Sempre riguardo all’Italia, la Commissione europea stima comunque che il debito pubblico continuerà a salire, dal 115,8% del 2009 al 118,2% quest’anno e al 118,9% nel 2011. Il deficit pubblico del 2010 dovrebbe restare invece stabile al 5,3% rispetto al Pil (stesso dato del 2009) per poi diminuire al 5% nel 2011.

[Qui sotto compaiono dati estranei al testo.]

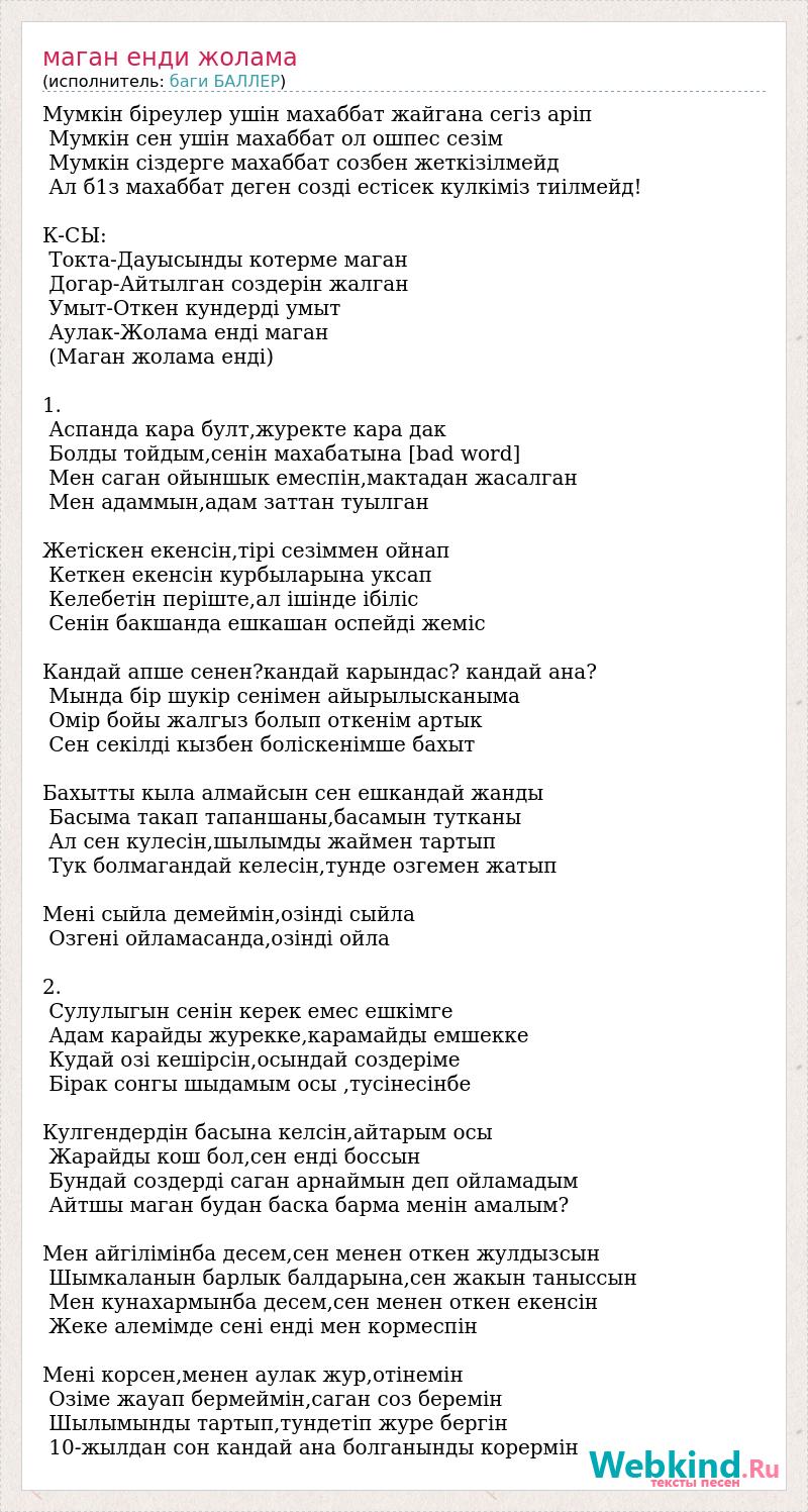 Мумкiн бiреулер ушiн махаббат жайгана сегiз арiп Мумкiн сен ушiн махаббат ол ошпес сезiм Мумкiн сiздерге махаббат созбен жеткiзiлмейд Ал б1з махаббат деген создi естiсек кулкiмiз тиiлмейд! К-СЫ: Токта-Дауысынды котерме маган Догар-Айтылган создерiн жалган Умыт-Откен кундердi умыт Аулак-Жолама ендi маган (Маган жолама ендi) 1. Аспанда кара булт,журекте кара дак Болды тойдым,сенiн махабатына [bad word] Мен саган ойыншык емеспiн,мактадан жасалган Мен адаммын,адам заттан туылган Жетiскен екенсiн,тiрi сезiммен ойнап Кеткен екенсiн курбыларына уксап Келебетiн перiште,ал iшiнде iбiлiс Сенiн бакшанда ешкашан оспейдi жемiс Кандай апше сенен?кандай карындас? кандай ана? Мында бiр шукiр сенiмен айырылысканыма Омiр бойы жалгыз болып откенiм артык Сен секiлдi кызбен болiскенiмше бахыт Бахытты кыла алмайсын сен ешкандай жанды Басыма такап тапаншаны,басамын тутканы Ал сен кулесiн,шылымды жаймен тартып Тук болмагандай келесiн,тунде озгемен жатып Менi сыйла демеймiн,озiндi сыйла Озгенi ойламасанда,озiндi ойла 2. Сулулыгын сенiн керек емес ешкiмге Адам карайды журекке,карамайды емшекке Кудай озi кешiрсiн,осындай создерiме Бiрак сонгы шыдамым осы ,тусiнесiнбе Кулгендердiн басына келсiн,айтарым осы Жарайды кош бол,сен ендi боссын Бундай создердi саган арнаймын деп ойламадым Айтшы маган будан баска барма менiн амалым? Мен айгiлiмiнба десем,сен менен откен жулдызсын Шымкаланын барлык балдарына,сен жакын таныссын Мен кунахармынба десем,сен менен откен екенсiн Жеке алемiмде сенi ендi мен кормеспiн Менi корсен,менен аулак жур,отiнемiн Озiме жауап бермеймiн,саган соз беремiн Шылымынды тартып,тундетiп журе бергiн 10-жылдан сон кандай ана болганынды корермiн

L’Italia, si legge nelle previsioni, metterà a segno una ripresa della crescita del prodotto interno lordo dello 0,8% nel 2010, lasciandosi alle spalle la caduta del Pil a -5,0% del 2009, arrivando poi all’1,4% nel 2011. La disoccupazione, che nel 2009 era al 7,8%, quest’anno dovrebbe attestarsi sull’8,8% e restare stabile sullo stesso dato nel 2011, una situazione migliore che nel resto dell’eurozona, (10,3% nel 2010 e 10,4% nel 2011).

Riguardo al quadro generale, la ripresa nell’Ue si annuncia leggermente migliore del previsto, con una crescita del Pil dei Ventisette dell’1% nel 2010 e dell’1,75% nel 2011. Nelle previsioni d’autunno il dato del 2010 era stato stimato a 1/4 di punto percentuale in meno.

Nella sola eurozona, il Pil dovrebbe crescere allo 0,9% quest’anno e all’1,5% nel 2011. Nel 2009, la crisi aveva portato a una caduta del Pil dell’Ue del 4,2% e dell’eurozona del 4,1% Nel’eurozona, il deficit pubblico dovrebbe salire al 6,6% quest’anno per poi diminuire al 6,1% rispetto al Pil.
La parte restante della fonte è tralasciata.